Problem details: The expected output is an exact copy of each line from the line with "Wyposażenie: pralka, zmywarka, piekarnik, płyta" through the end of the data below, with no pictures in it.

Exercise data:
......

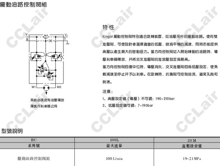 BC-100L-20M,擺動(dòng)油路控制閥組
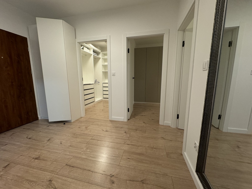 Wyposażenie: pralka, zmywarka, piekarnik, płyta indukcyjna, lodówka z zamrażalnikiem, łóżka, szafy, umeblowana garderoba.
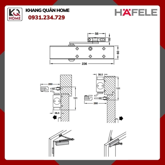 Linh hoạt vượt bậc : Phù hợp với cửa mở trái và phải, có thể điều chỉnh tốc độ đóng và chốt
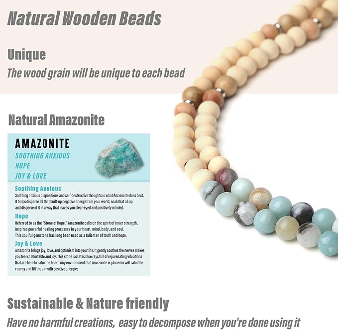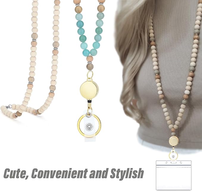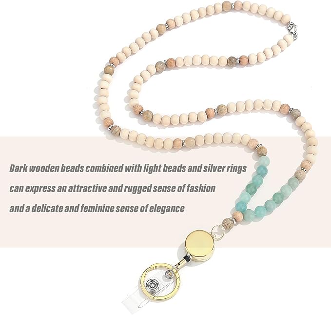 - Premium Quality - The cute lanyard for id badges is made from 8mm natural wooden beads and 8mm genuine Amazonite, with stainless steel lobster clasp and key ring. Every natural bead is high quality natural bead and has been carefully selected manually one by one.

......

Task result:
 Wyposażenie: pralka, zmywarka, piekarnik, płyta indukcyjna, lodówka z zamrażalnikiem, łóżka, szafy, umeblowana garderoba.
 Linh hoạt vượt bậc : Phù hợp với cửa mở trái và phải, có thể điều chỉnh tốc độ đóng và chốt
 - Premium Quality - The cute lanyard for id badges is made from 8mm natural wooden beads and 8mm genuine Amazonite, with stainless steel lobster clasp and key ring. Every natural bead is high quality natural bead and has been carefully selected manually one by one.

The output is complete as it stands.